Several GOP senators from Southeast Pennsylvania have co-sponsored a bill by Sen. John Yudichak, D-14, Nanticoke, to levy an initial 2 percent severance tax, but colleagues from western Pennsylvania oppose a severance tax.
Senate Appropriations Chairman Jake Corman, R-34, Bellefonte, who represents Penn State's main campus, would like to restore all the proposed cuts to higher education in any budget bill. State aid to higher education has been flat the past decade, while operating costs have gone up, he said.
House Majority Leader Mike Turzai, R-28, Pittsburgh, said his caucus will propose a state aid level for higher education somewhere between current levels and Corbett's cuts.
House Appropriations Chairman Bill Adolph, R-165, Springfield, who chairs the state student loan agency is concerned about the severity of cuts to higher education, said spokesman Mike Stoll.
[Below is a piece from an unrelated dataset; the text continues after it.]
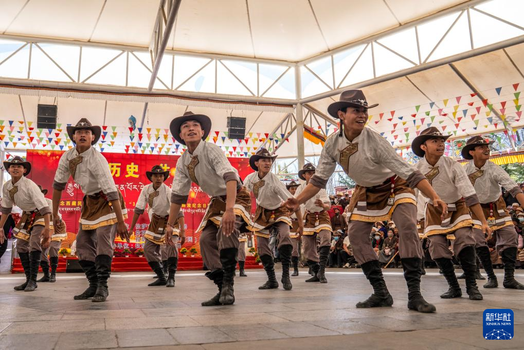 3月28日,群眾在拉薩市宗角祿康公園觀看文藝演出,慶祝西藏百萬(wàn)農(nóng)奴解放66周年。新華社記者 丁增尼達(dá) 攝

Qualms about higher ed cuts puts a target as far as GOP leaders are concerned on the Department of Public Welfare. The agency receives a 7 percent increase under Corbett's budget, reflecting several factors such as the end of stimulus funds, a state reimbursement payment to Washington to cover Medicare costs for senior citizens and increased medical assistance costs due to growing caseloads.
"I'm convinced there are savings available in the Department of Public Welfare," said Pileggi. House GOP lawmakers contributed to this push by unveiling a package of eight bills this week to require photo IDs to receive welfare benefits, more cross-checking of applicants for welfare benefits and preventing applicants from shopping for benefits by moving to other counties as a way to create savings by reducing fraud.
But questions exist about whether enactment of the House package would actually translate into the savings at DPW needed to erase all or part of the higher ed cuts in the 2011-12 budget.
The scrutiny of DPW got tougher following several audits by state Auditor General Jack Wagner, a Democrat, that took a critical look at DPW's handling of a cash-assistance program, medical assistance and heating aid for low-income households.
In one example, Wagner said his auditors found an average 10 percent rate of error in the handling of medical assistance cases at 90 DPW county assistance offices. That could involve up to $450 million in unnecessary costs if fixes aren't made, he added.
But Wagner warned that just cutting DPW spending alone won't yield savings. It requires tandem action by agency officials to make the necessary administrative changes to run programs more efficiently and avoid cases involving error or fraud.
He said the Corbett administration could probably get a handle on DPW programs by this fall.
"They should be able to determine in a five-to-six month period the appropriate administrative changes to be made to reduce the cost and not harm recipients," said Wagner.
It's difficult to get a fix on anticipated DPW cost savings because some of the Wagner audit findings are outdated and DPW has already made changes in response to some findings, said Sharon Ward, executive director of the Pennsylvania Budget and Policy Center, a think tank which advocates generating more state revenue from a severance tax and closing business tax loopholes to deal with fiscal problems.
Lawmakers can address DPW management issues better by providing money to fill vacant positions at county assistance offices, she added. This would help those offices deal better with a recession-spawned jump in individuals applying for medical assistance and food stamps.